他打聽過才知,在命案了結的當日,陳同袍即和新娘子重新辦了婚事,圓了洞房,並給復了‘本姓’,從朱秋光改為卓冷屏了。

“徐工匠你在這兒啊,陳同知要請您去府裡一趟。”一人從背後拍了拍他,他先是點了點頭,之後卻茫然地注視起此人:“什麼同知?”

“陳同知啊。”

“表字是共胄的嗎?”徐工匠又問。

“正是。”

“徐工匠,這錢你拿著。”

陳同袍將一封信放到他的面前,“您於我有恩,幫扶過本縣,故特以作離別之禮。”

徐工匠拆信視看,見裡面壓著五十兩的銀票,頓時魂不附體,推託道:“大人升遷,小人安敢攀附?這票子絕不敢要。”

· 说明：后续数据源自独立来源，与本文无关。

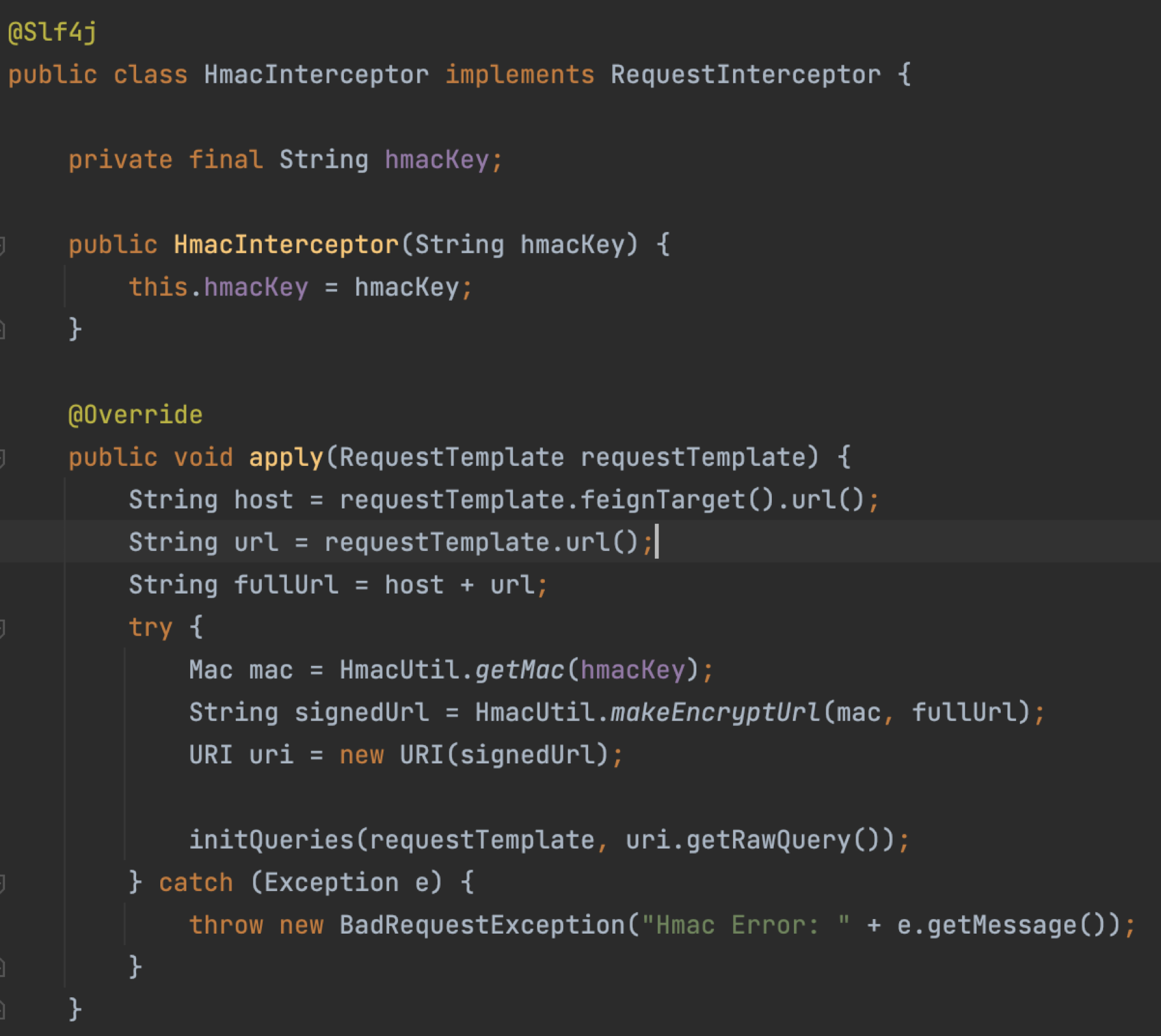 추가로 RequestInterceptor interface를 구현해서 직접 사용자 정의 Interceptor 들을 만들 수도 있습니다. apply라는 method를 구현해서 requestTemplate의 query, url 등을 변경할 수 있습니다. 주로 Hmac 기반 인증 방식을 구현할 때 유용하게 사용하였습니다.
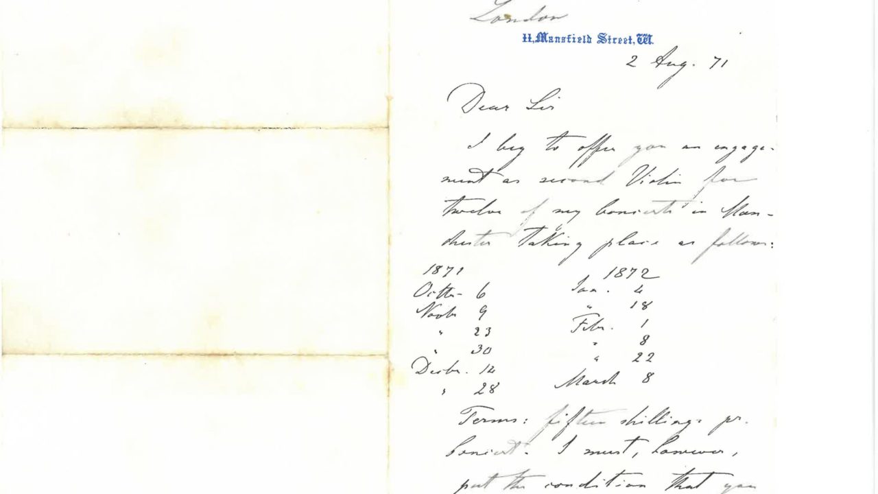 Back in 1871, Charles Hallé requested the services of second violin Mr G Nelson for twelve concerts in Manchester, including 4th January. He was offered 15 shillings per concert, which is around £480 in today’s money, with the stipulation that he does not play the Saturday evening concerts. There is no indication as to why that would be, but given that Mr Nelson is listed amongst the orchestra for the 4th of January playing in ten different pieces programmed, we can only assume he accepted the terms from Charles Hallé.
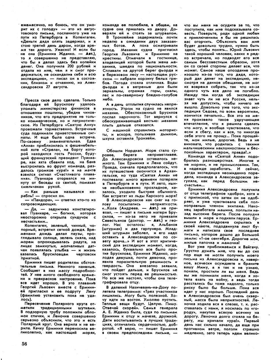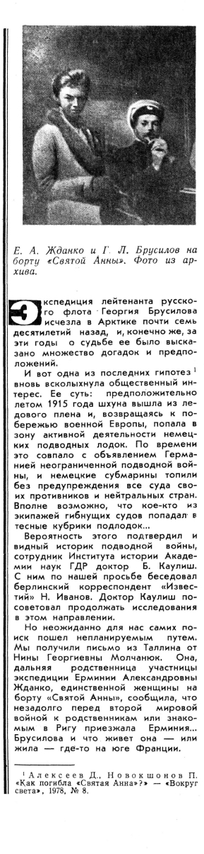 В Александровске как снег на голову посыпались неприятности. «...Коля (Андреев. — Авт.) не приехал, — пишет в письме матери Брусилов, — из-за него не приехали Севестьянов (доктор. — Авт.) и геолог. Нас осталось: я, Альбанов (штурман) и два гарпунера. Младший штурман заболел, и его надо оставить в Александровске по совету врача...» И вот в этот критический для экспедиции момент, когда, казалось, буквально все было против Брусилова, Ерминия Жданко, молодая девушка, почти девочка, проявила поразительную решимость и твердость. Она внезапно заявила, что пойдет дальше, и Брусилов не смог устоять перед ее решимостью. Но все же настоял, чтобы она телеграфировала отцу.

陳同袍笑道:“這筆錢就算委託師傅了。我既已在江都購置府邸,安家立業,此處宅所留也無用,兼近日出過命案,陰氣實在太重,師傅可幫著賣個好價錢。”

徐工匠愣愣地接過銀票,見陳同袍已然走了。

陳同袍命老奴才準備車馬,令管家帶著諸多下人隨後,和冷屏一齊上車,啟程投往江都。只到第五六日,陳同知才進得江都城,先安放下來家眷,便急匆匆換上官服,扶好紗帽,走進衙門。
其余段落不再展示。